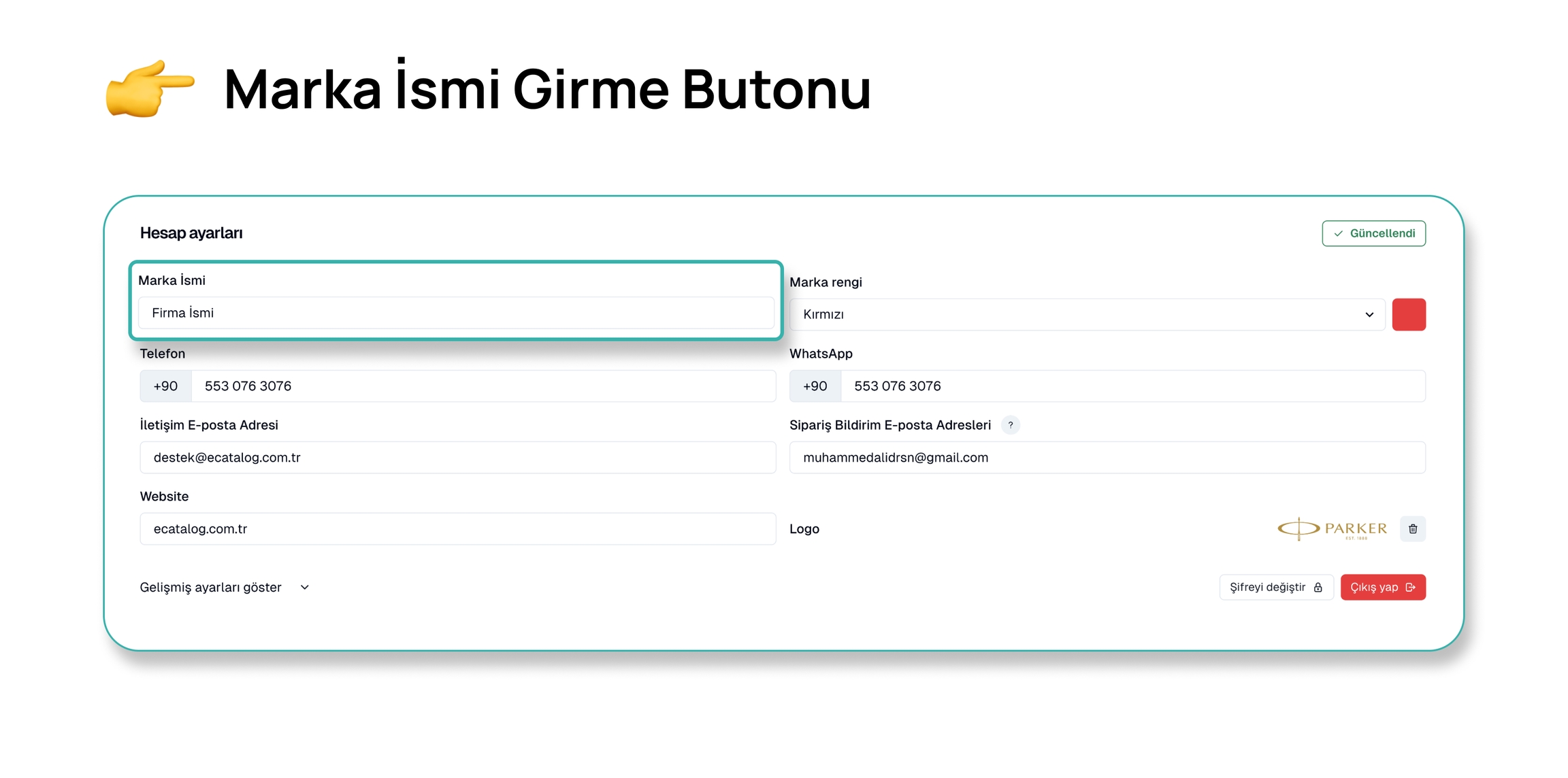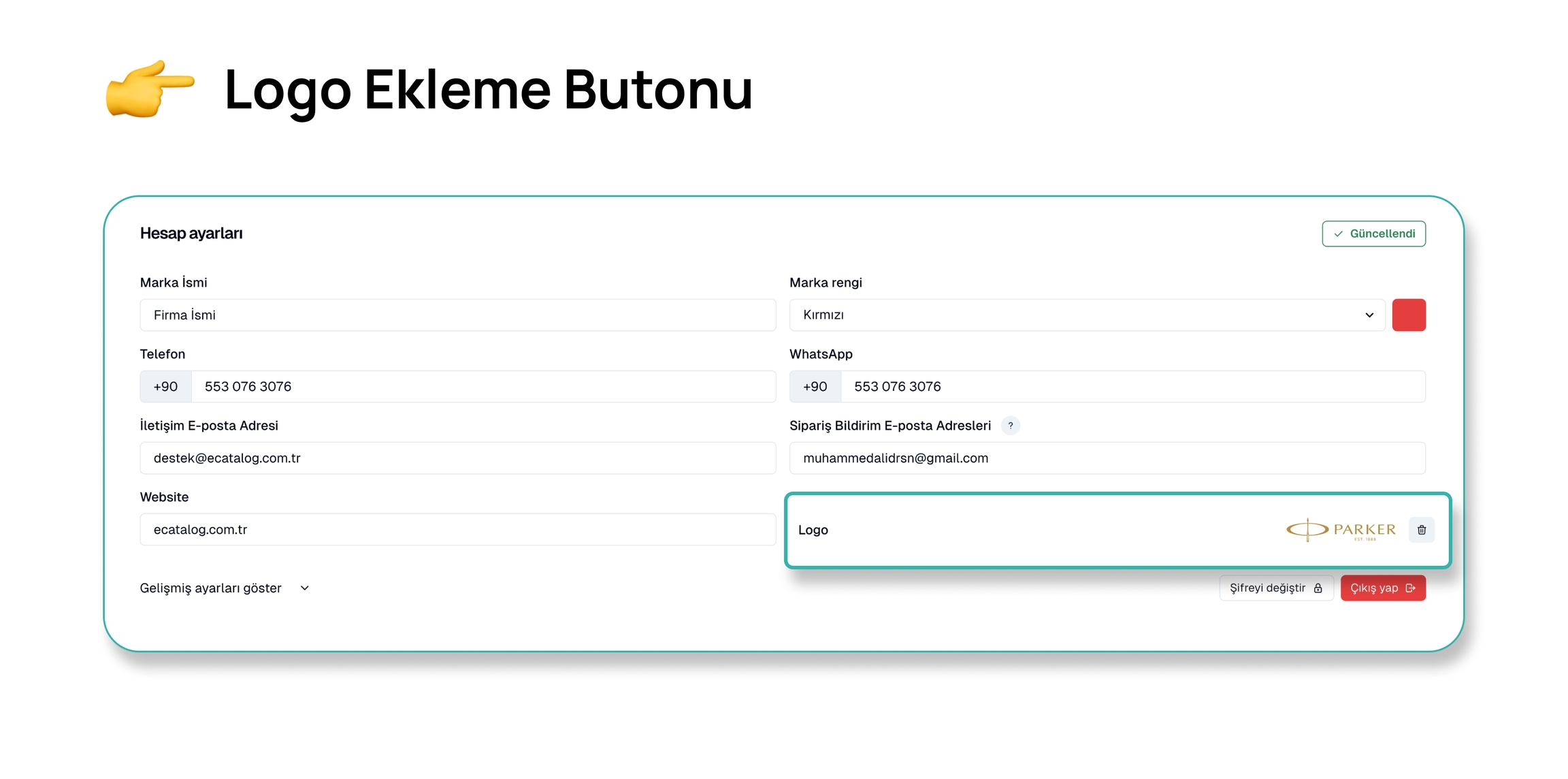 Logo: Firmanızın logosunu yükleyin. Bu logo, kataloglarınızda ve e-posta bildirimlerinde görünecektir.
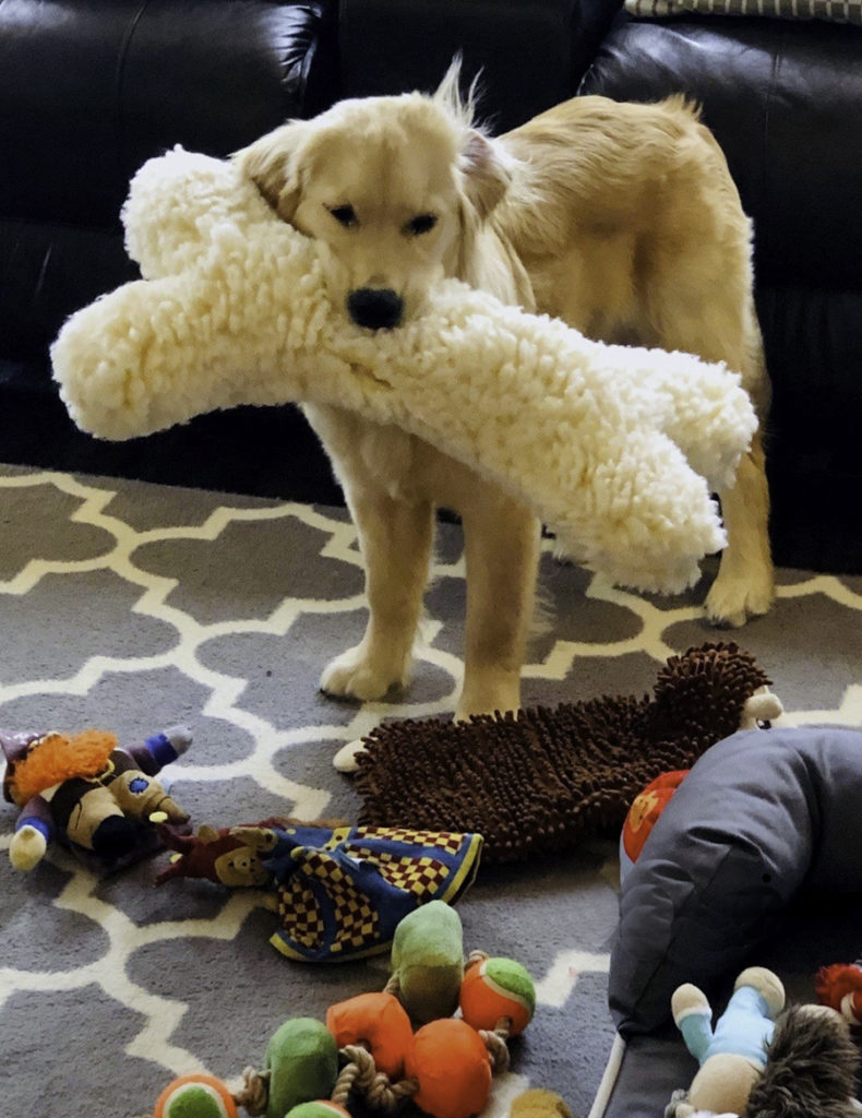 Bromley lives in a high rise in downtown Chicago, so organization options are a top priority. Look for creative ways to store pet toys that blend with your décor rather than the traditional box or basket in the corner of the room (although this is a good option if the container blends with your space), consider a dual duty ottoman with a lid that lifts so you can rest your feet and store the dog toys at the same time.
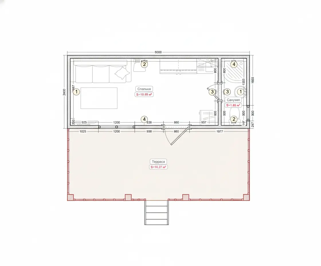 - Дополнительная перегородка с межкомнатной дверью под с/у, тамбур или комнату
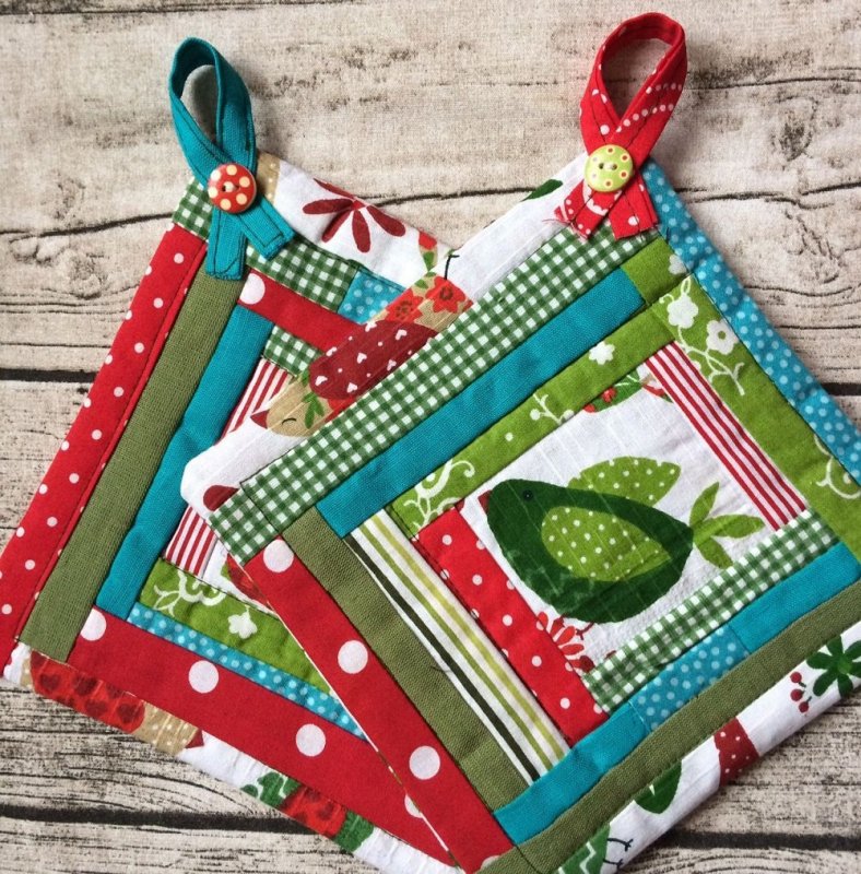 Кухонные варежки делают из натуральных тканей с добавлением наполнителя вроде фетра, ватина, синтепона или драпа. У синтепона высокая теплопроводность, поэтому выбор лучше остановить на остальных материалах, и чем плотнее будет конкретный образец, тем лучше. Рюши, аппликации и вышивки украсят готовое изделие. Самих способов шитья много, но суть сводится к использованию 4 фрагментов ткани и 2 кусков наполнителя. Сначала делаем выкройку: кладем ладонь на бумагу (или сразу на ткань), и с расстоянием в 2,5—4 см от пальцев рисуем контуры прихватки. Потом вырезаем 2 подкладки и столько же фрагментов лицевой ткани. Для изнаночной стороны выбираем ткань помягче, а для лицевой — более плотную и разрисованную. Из наполнителя вырезаем куски такой же формы. Создаем трехслойные детали с набивкой внутри и строчим края с припуском в 5—7 мм. Затем сшиваем их, удаляем торчащую ткань и выворачиваем изделие. В конце делаем украшающий кант.

● **Work order**: Every line from the top of the material above through the line with "- Дополнительная перегородка" should be duplicated exactly, please; leave out the pictures.

● **Task answer**:
 Logo: Firmanızın logosunu yükleyin. Bu logo, kataloglarınızda ve e-posta bildirimlerinde görünecektir.
 Bromley lives in a high rise in downtown Chicago, so organization options are a top priority. Look for creative ways to store pet toys that blend with your décor rather than the traditional box or basket in the corner of the room (although this is a good option if the container blends with your space), consider a dual duty ottoman with a lid that lifts so you can rest your feet and store the dog toys at the same time.
 - Дополнительная перегородка с межкомнатной дверью под с/у, тамбур или комнату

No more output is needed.